Первые встречи Комиссаржевской с Волынским относятся к концу прошлого века. В 1899 году они вместе посещают Италию. Там он сближается с Ф. П. Комиссаржевским, с которым позже состоял в переписке. С Комиссаржевской Волынский занимается шекспировскими ролями еще на Александринской сцене. В статье о положении театрального дела (1900) он находил неудачи актрисы закономерными: «Дарование Комиссаржевской, блеснувшее в пьесах Зудермана, в какие-нибудь два сезона было придушено и забито в рамки полумещанской банальности. Артистка бледнела с каждой новой ролью, потому что каждая предыдущая роль понижала на одну ступень те ее настроения, которые позволили ей первоначально развернуться». Он считал «истинно обновительным делом» в области сценического искусства Московский Художественный театр. Уход Комиссаржевской с императорской сцены многие склонны были приписать влиянию Волынского. Решение актрисы было, конечно, внутренним. Но идеалистические поиски Волынского для нее много значили. Об огромном воздействии его философских лекций на актерскую молодежь вспоминают Ходотов и Юрьев. «Это был какой-то напор убежденности в том, что лабиринт его концепций — единственный верный путь. Волынский сочетал эстетизм мысли, любовь к красивым построениям с горячностью сектанта. Он был очень далек от спокойного объективизма, этот человек не от мира сего, похожий на Данте, имевший холодный эстетский ум и вулканическое сердце», — писал о нем Ходотов.
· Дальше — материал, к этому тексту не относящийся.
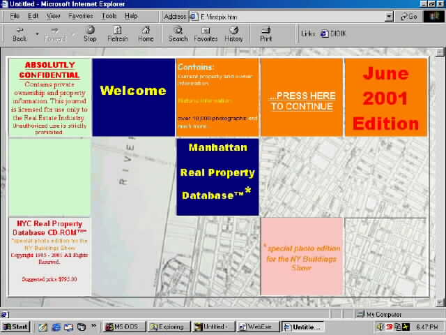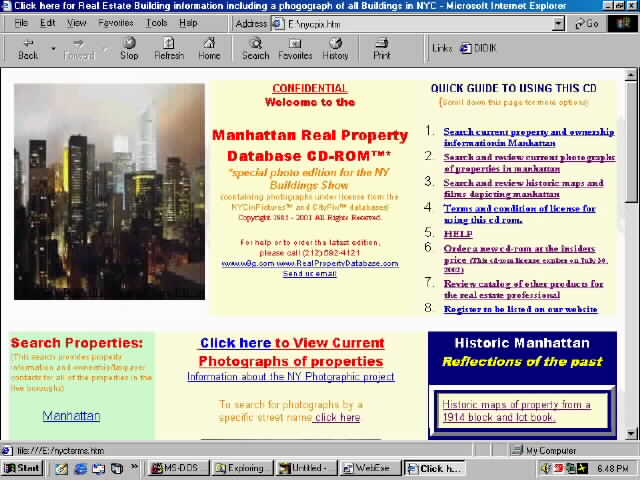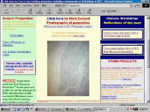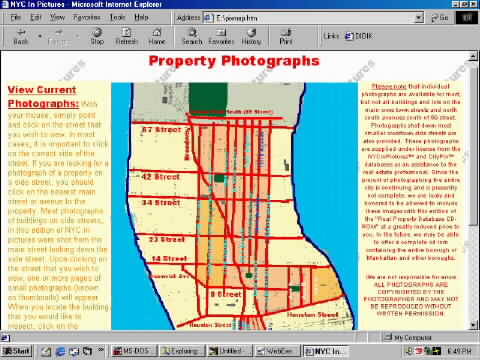 The Manhattan Picture Database CD-ROM is a project still being created. Currently, the cd contains over 10,000 photographs covering an estimated 31,000 properties in Manhattan. Coverage presently consists of buildings along the main avenues and on the primary cross towns streets up to 59 Street. Side streets and smaller streets has minimal coverage. The screenshot of the map (item 4 below) provides you with some idea of what is covered. In addition to the thousands of photographs, this remarkable cd-rom also contains a text database covering every single property in Manhattan. If that was not enough, the Manhattan Picture Database CD-Rom also contains historic information including a complete land/map block and lot book of Manhattan covering every property as it was in 1914. The cd also contains a number of "actuallities" or early movies of Manhattan which were shot between 1898 and 1905. This CD is truly fascinating.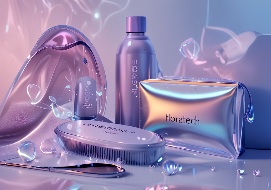 Prompt: A collection of futuristic hair care accessories and packaging for the brand «Floratech» — including a sleek brush, towel, and holographic cosmetic pouch. The materials combine transparent glass-like surfaces, soft silicone, and pearlescent metallic finishes. Ambient lighting in the brand palette — pink, violet, and sapphire blue — creates a smooth, luminous glow. The scene reflects Floratech’s identity: a fusion of advanced technology and natural softness. The composition is clean, minimal, and elegant, shot in cinematic product-photography style with volumetric lighting, realistic textures, and gentle reflections. The background is a smooth gradient environment inspired by futuristic nature aesthetics — ethereal, luxurious, and ultra-detailed.

Популярность Волынского среди интеллигенции объяснялась тем, что бескомпромиссность и темперамент его мысли шли против существующего законопорядка. Хотя его позитивная программа была уязвима своим крайним идеализмом, отрывом от социальной конкретности русской жизни.
Комиссаржевская была идеалисткой не только в бытовом смысле этого слова. Не имея последовательной системы взглядов, она в своем мировоззрении чаще склонялась к идеалистическому восприятию жизни. Воздействие Волынского она испытала во время работы над образом Гильды.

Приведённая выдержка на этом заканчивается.